Only the lines from the one containing "途中何箇所か展望エリアがあり" through the end of the records should be retyped, exactly and including both ends; pictures stay out.

Records from a collection:
══════════

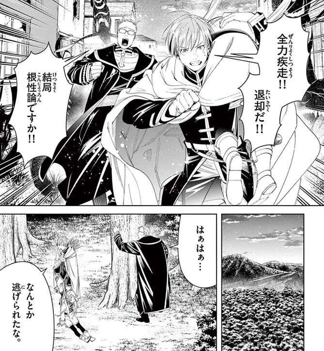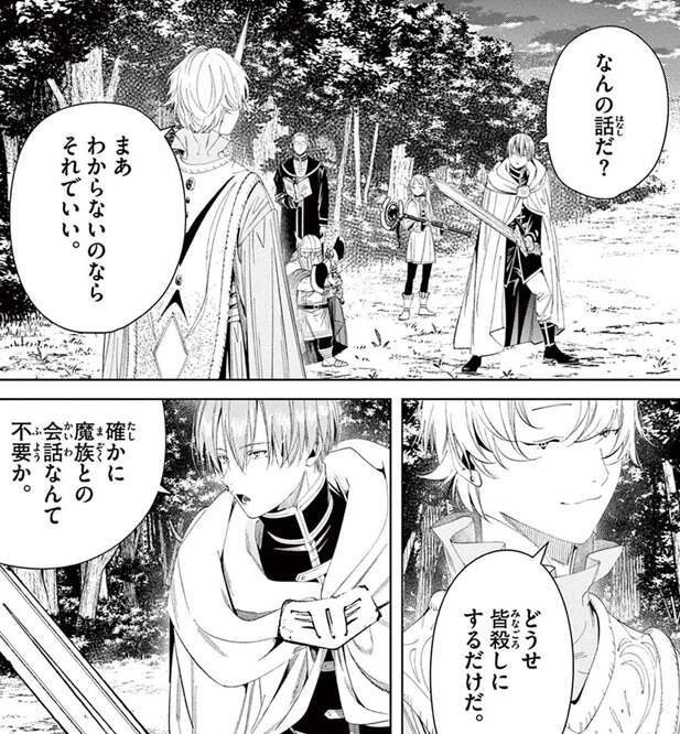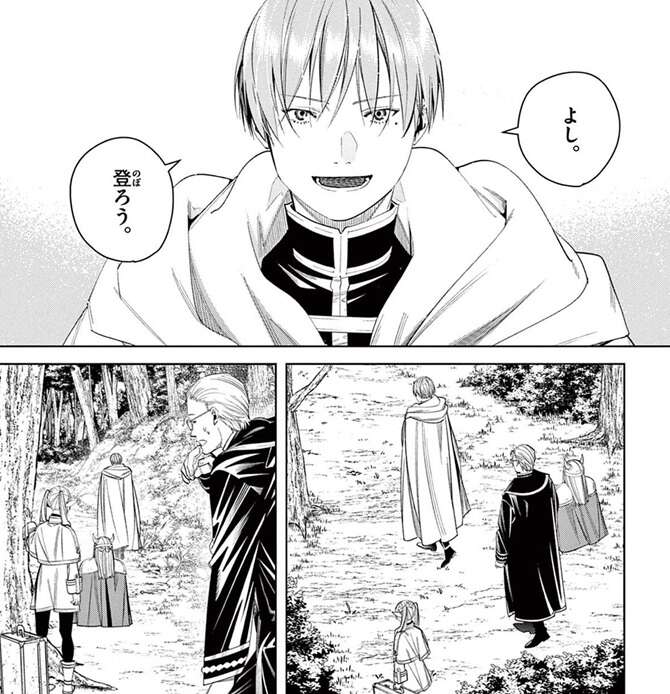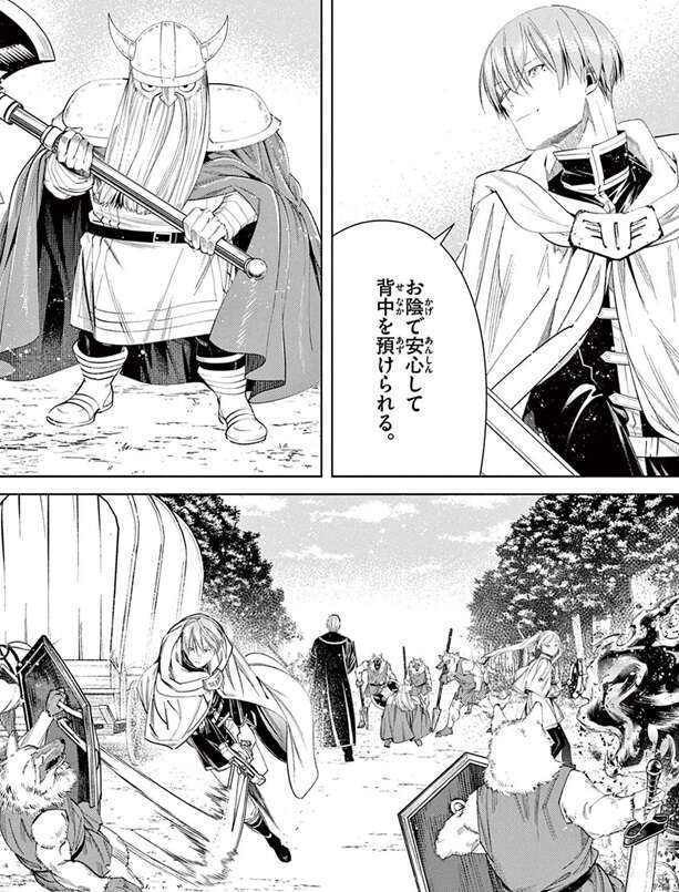 フリーレンの未来への帰還方法を探そうと町で聞き込みをしますが、魔法使いギルドや教会で聞いても手掛かりは何も見つかりません。さらに、ヒンメルが勝手に商人の護衛の依頼を引き受けてしまい、寄り道をすることになります。さらに護衛の途中、北部高原の魔物が襲ってきますが、ヒンメル達は連携して魔物を倒します。
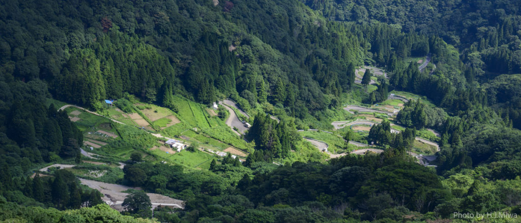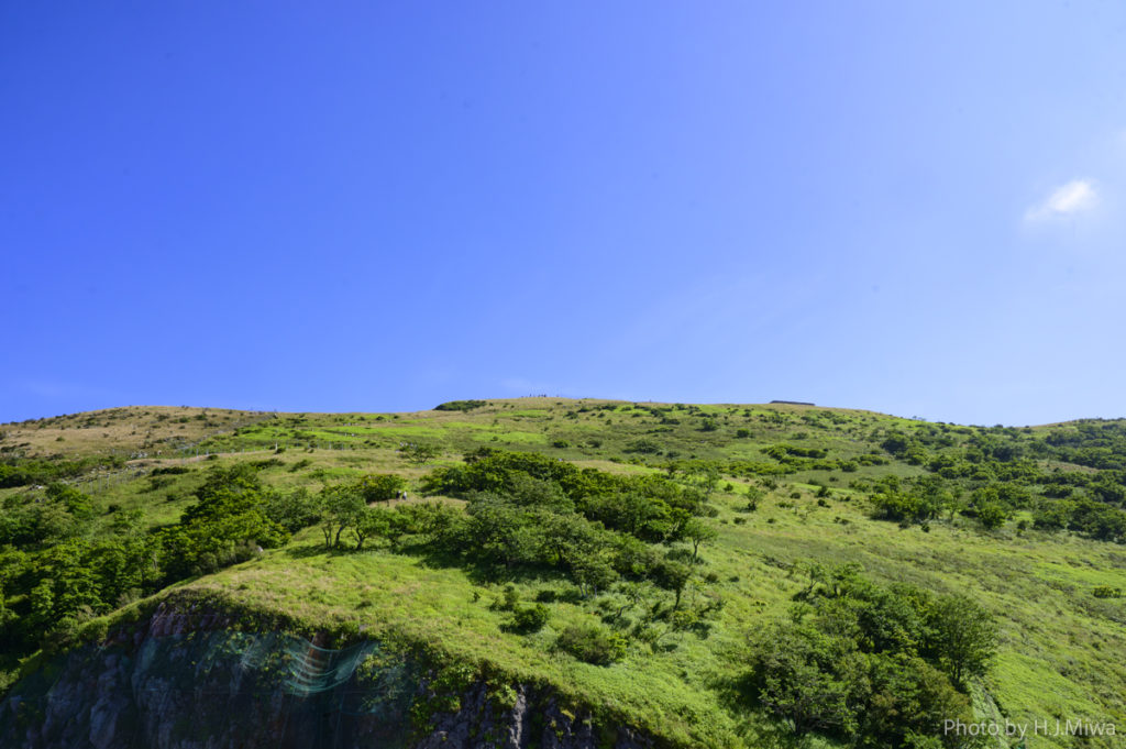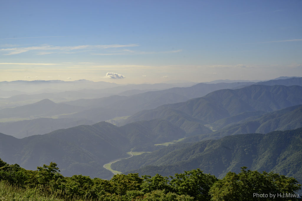 途中何箇所か展望エリアがあり、車で移動してはちょっと止めて撮影、を繰り返しました。山のいたるところに崩れている箇所が見られますが、これはニホンジカの食害によるものだそうです。増え過ぎたシカにより草木が食い荒らされ、山の斜面の保水力が低下し、最後には写真のように崩れてしまうのです。シカも自然の一員ではありますが、適正数を大きく超えてしまうとこのような事態に陥ります。こういった事態を含め、山の自然の維持管理にはお金がかかります。以上より、入山協力金300円/人への協力を推奨します。
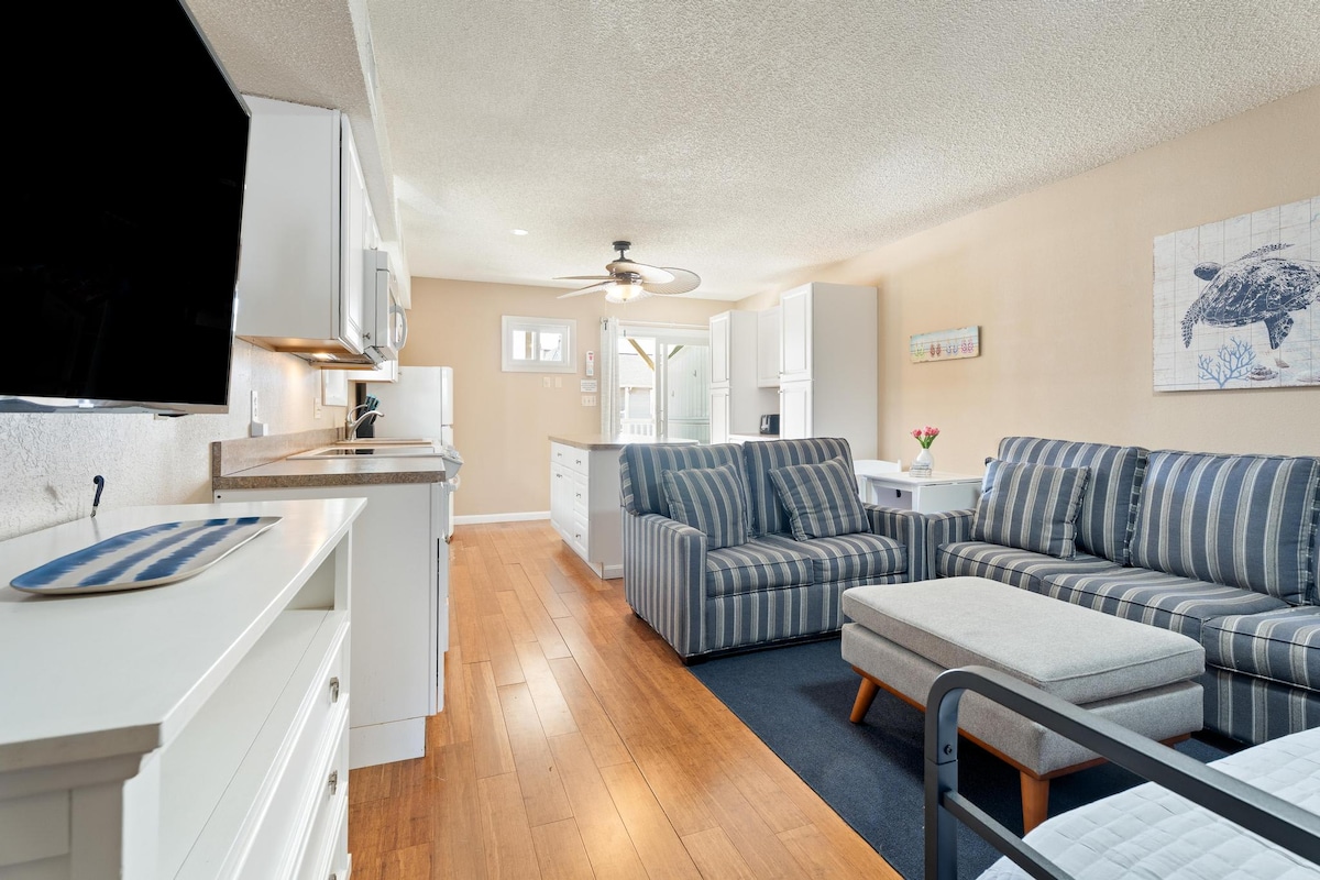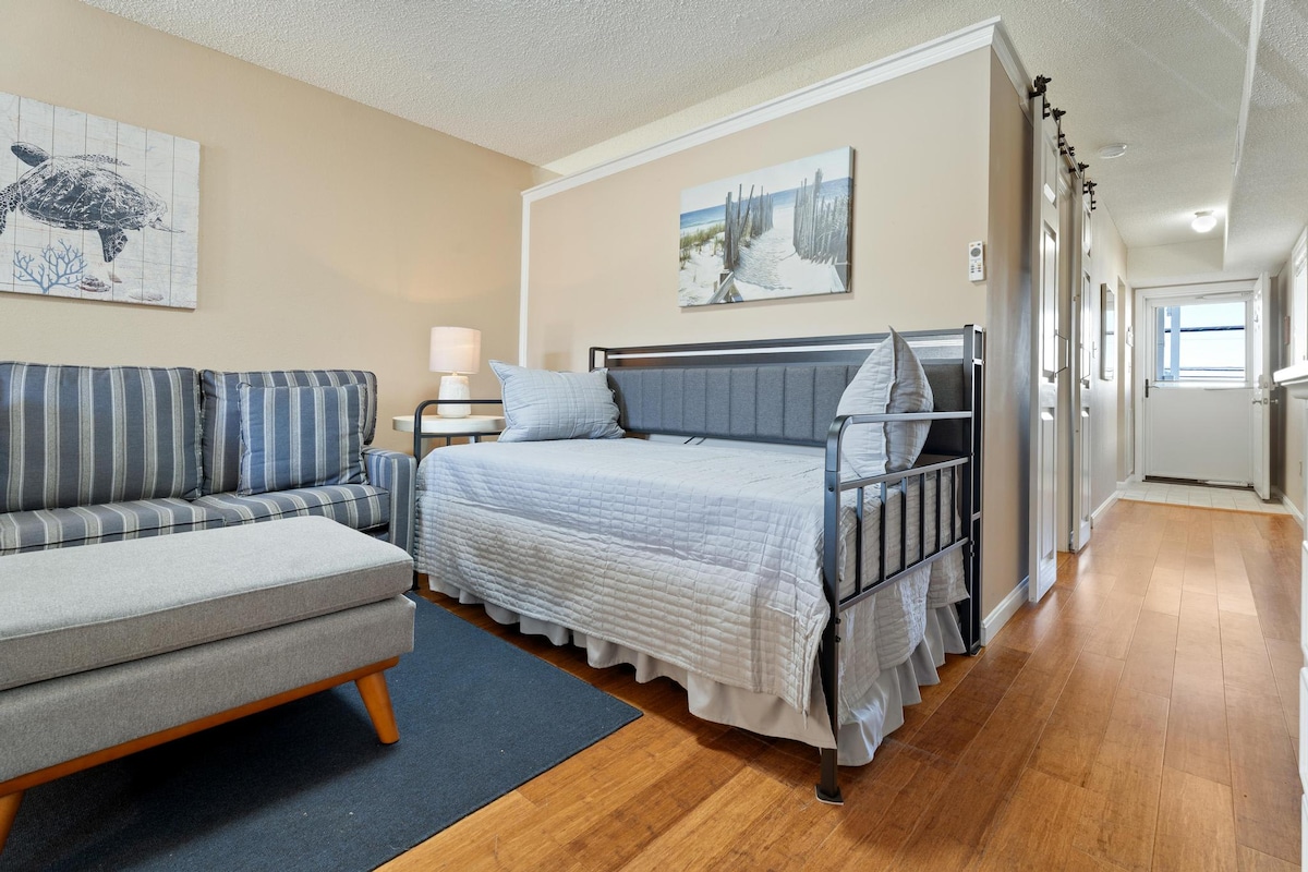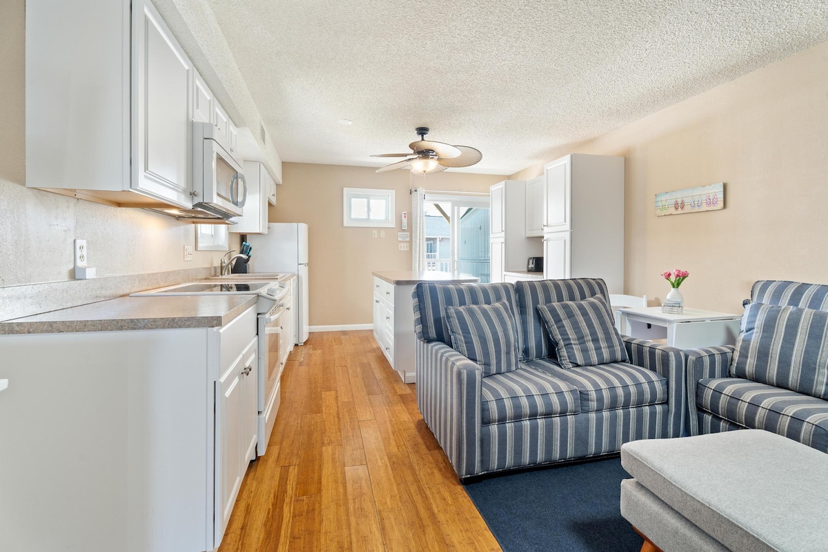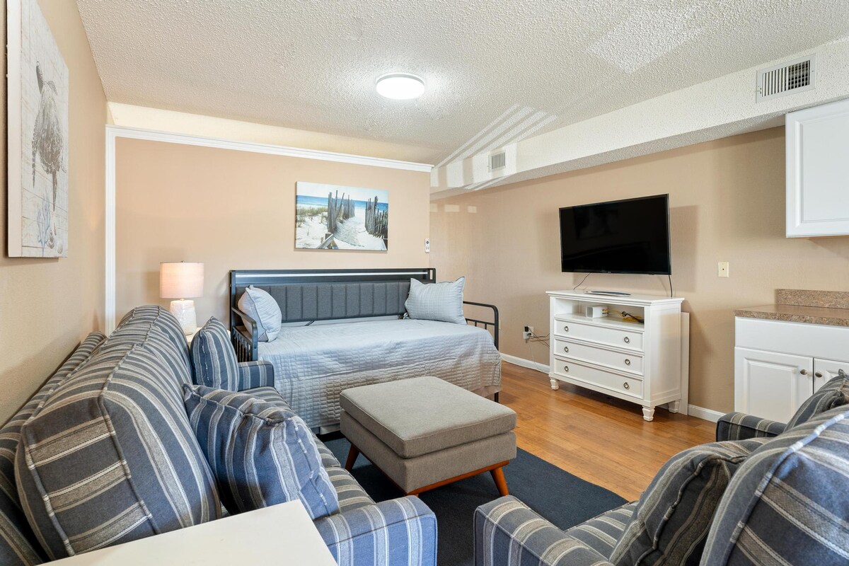 The open layout features a queen sleeper sofa, a single daybed, and a private bedroom with a plush queen bed — offering flexibility and comfort for up to five guests. Whip up a quick breakfast before heading to the sand, or unwind after a day of exploring with your favorite shows on the Smart TV.
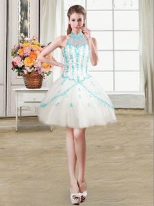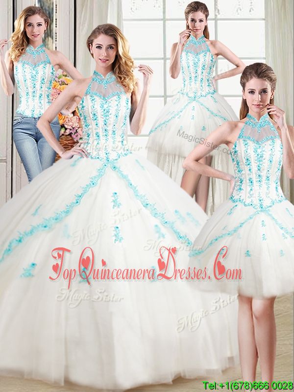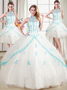 Four Piece White 15 Quinceanera Dress Military Ball and Sweet 16 and Quinceanera and For with Beading and Appliques Halter Top Sleeveless Lace Up
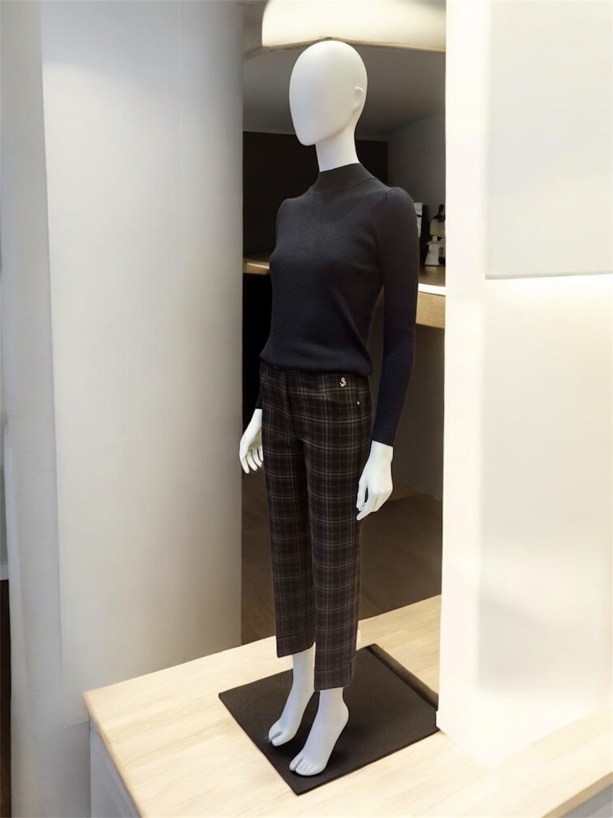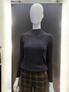 Suéter color negro de cuello ligeramente elevado y manga larga .
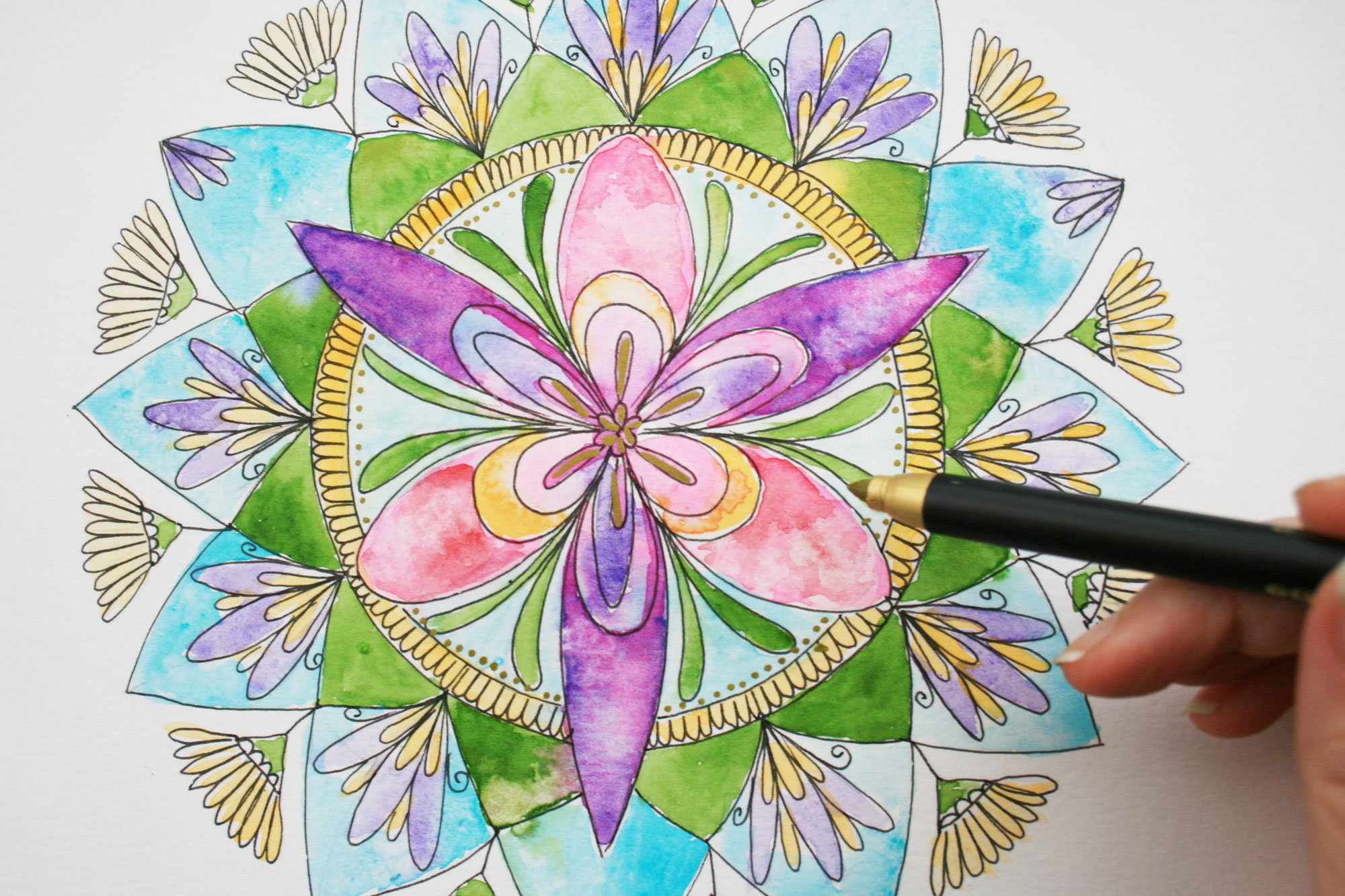 Once we have our inspiration deck and a wide variety of Motifs in pen, ink, watercolor and gouache we progress through to Drawing & Coloring our own Mandala Designs. Then creating Mindful Botanical Mandalas in watercolor and ink to really combine the healing energy of nature with the meditative process of Mandala creation.

══════════

• Output of the exercise:
 途中何箇所か展望エリアがあり、車で移動してはちょっと止めて撮影、を繰り返しました。山のいたるところに崩れている箇所が見られますが、これはニホンジカの食害によるものだそうです。増え過ぎたシカにより草木が食い荒らされ、山の斜面の保水力が低下し、最後には写真のように崩れてしまうのです。シカも自然の一員ではありますが、適正数を大きく超えてしまうとこのような事態に陥ります。こういった事態を含め、山の自然の維持管理にはお金がかかります。以上より、入山協力金300円/人への協力を推奨します。
 The open layout features a queen sleeper sofa, a single daybed, and a private bedroom with a plush queen bed — offering flexibility and comfort for up to five guests. Whip up a quick breakfast before heading to the sand, or unwind after a day of exploring with your favorite shows on the Smart TV.
 Four Piece White 15 Quinceanera Dress Military Ball and Sweet 16 and Quinceanera and For with Beading and Appliques Halter Top Sleeveless Lace Up
 Suéter color negro de cuello ligeramente elevado y manga larga .
 Once we have our inspiration deck and a wide variety of Motifs in pen, ink, watercolor and gouache we progress through to Drawing & Coloring our own Mandala Designs. Then creating Mindful Botanical Mandalas in watercolor and ink to really combine the healing energy of nature with the meditative process of Mandala creation.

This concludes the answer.